━━ Material to process

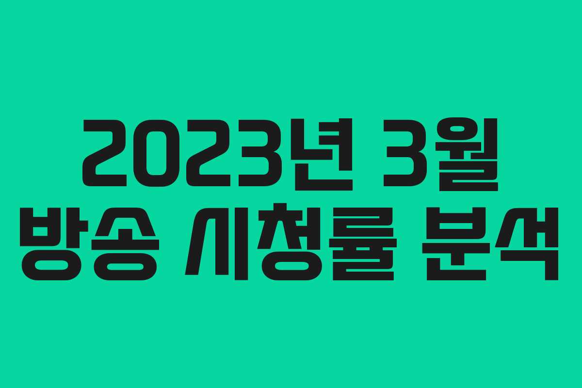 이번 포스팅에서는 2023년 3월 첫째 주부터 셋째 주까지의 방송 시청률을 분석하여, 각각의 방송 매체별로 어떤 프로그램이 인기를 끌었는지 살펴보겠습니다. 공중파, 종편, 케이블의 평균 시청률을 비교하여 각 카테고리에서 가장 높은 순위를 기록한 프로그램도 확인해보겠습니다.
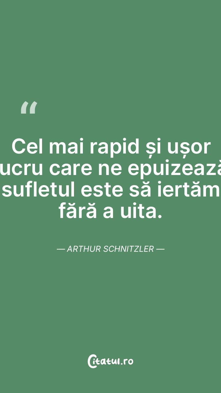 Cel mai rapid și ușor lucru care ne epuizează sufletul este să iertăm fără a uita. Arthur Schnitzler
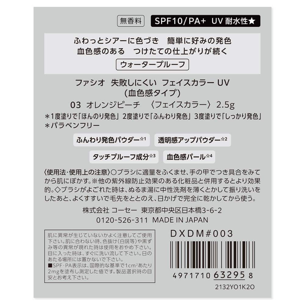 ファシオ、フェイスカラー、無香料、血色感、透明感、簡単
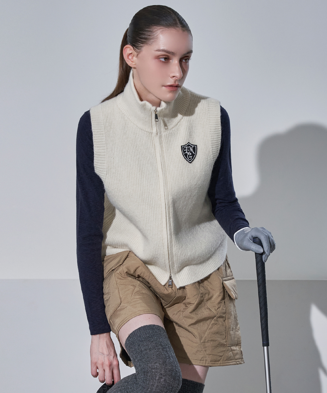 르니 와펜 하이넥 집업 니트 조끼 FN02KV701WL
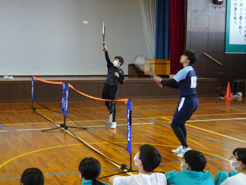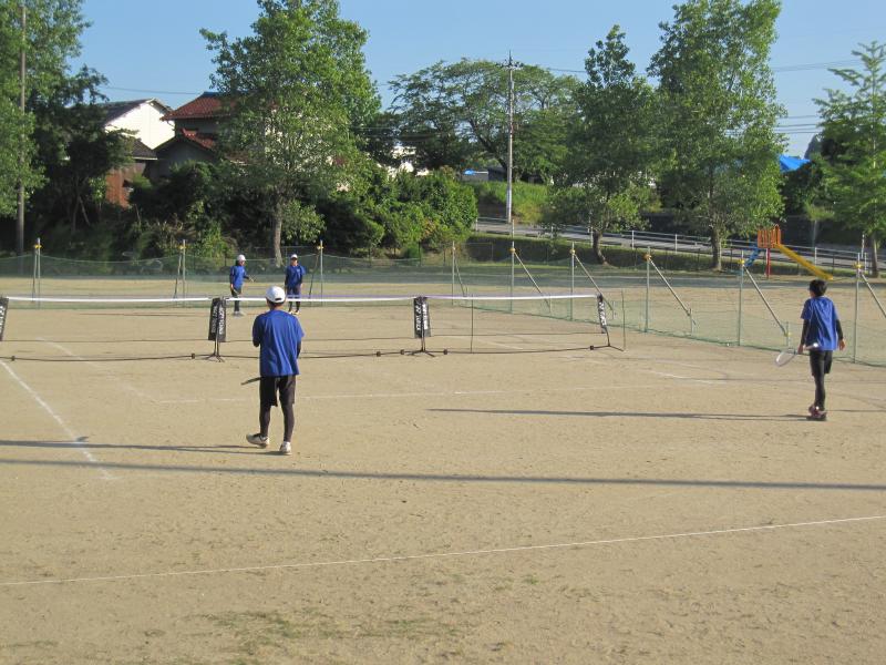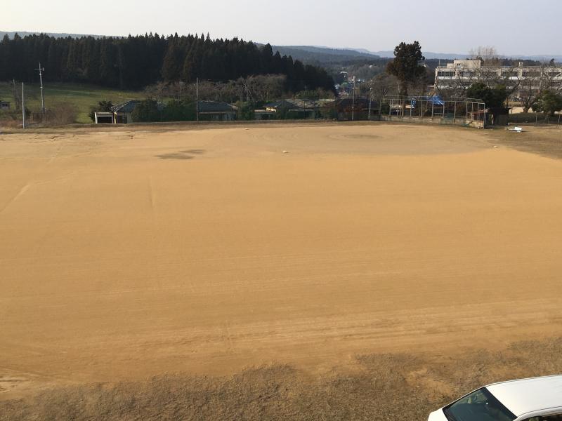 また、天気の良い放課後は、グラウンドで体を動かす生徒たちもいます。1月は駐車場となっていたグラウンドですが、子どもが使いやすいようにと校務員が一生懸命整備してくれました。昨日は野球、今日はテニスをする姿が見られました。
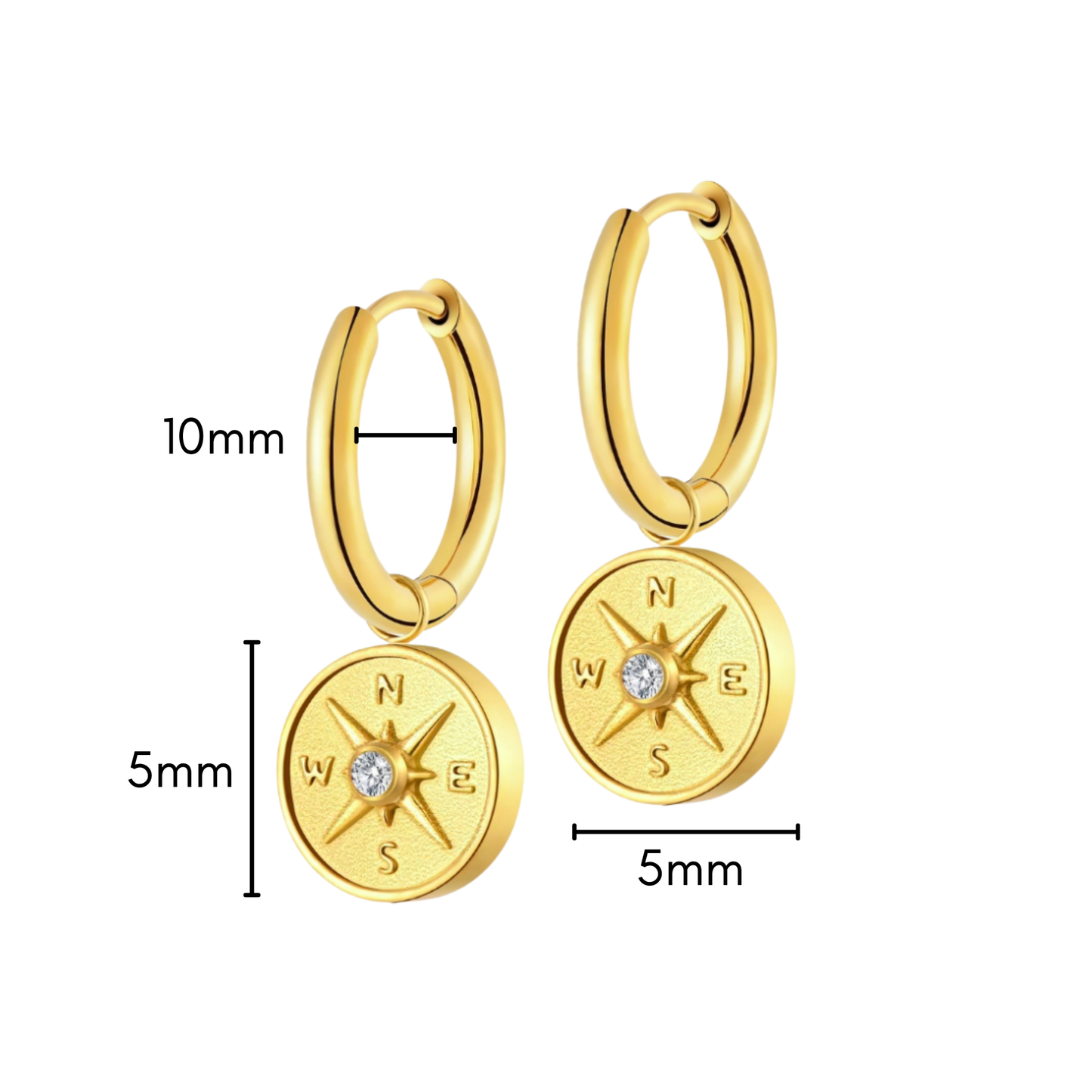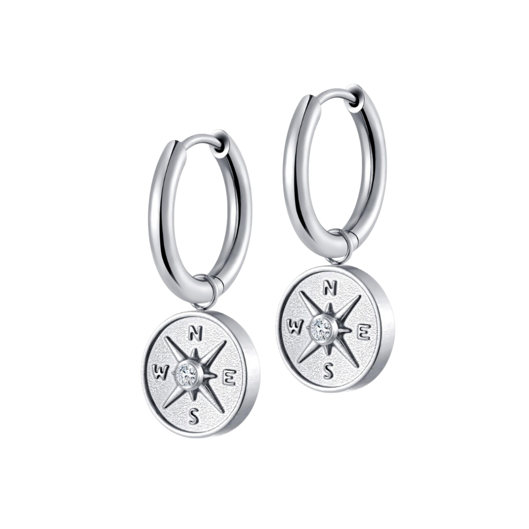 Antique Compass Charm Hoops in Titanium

━━━━
━━ Material to process

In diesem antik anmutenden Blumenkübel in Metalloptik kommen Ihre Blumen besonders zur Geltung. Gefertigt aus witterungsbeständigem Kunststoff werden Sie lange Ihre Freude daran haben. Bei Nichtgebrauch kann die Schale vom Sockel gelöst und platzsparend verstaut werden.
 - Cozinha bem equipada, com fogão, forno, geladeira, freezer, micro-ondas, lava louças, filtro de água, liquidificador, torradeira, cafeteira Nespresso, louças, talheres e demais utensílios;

━━━━

** What needs to be done **
In the listing above, find the line with "이번 포스팅에서는 2023년" and the line with "르니 와펜 하이넥 집업 니트 조끼 FN02KV701WL". Copy both of them and every line between, exactly, but not the pictures.

** Answer to this exercise **
 이번 포스팅에서는 2023년 3월 첫째 주부터 셋째 주까지의 방송 시청률을 분석하여, 각각의 방송 매체별로 어떤 프로그램이 인기를 끌었는지 살펴보겠습니다. 공중파, 종편, 케이블의 평균 시청률을 비교하여 각 카테고리에서 가장 높은 순위를 기록한 프로그램도 확인해보겠습니다.
 Cel mai rapid și ușor lucru care ne epuizează sufletul este să iertăm fără a uita. Arthur Schnitzler
 ファシオ、フェイスカラー、無香料、血色感、透明感、簡単
 르니 와펜 하이넥 집업 니트 조끼 FN02KV701WL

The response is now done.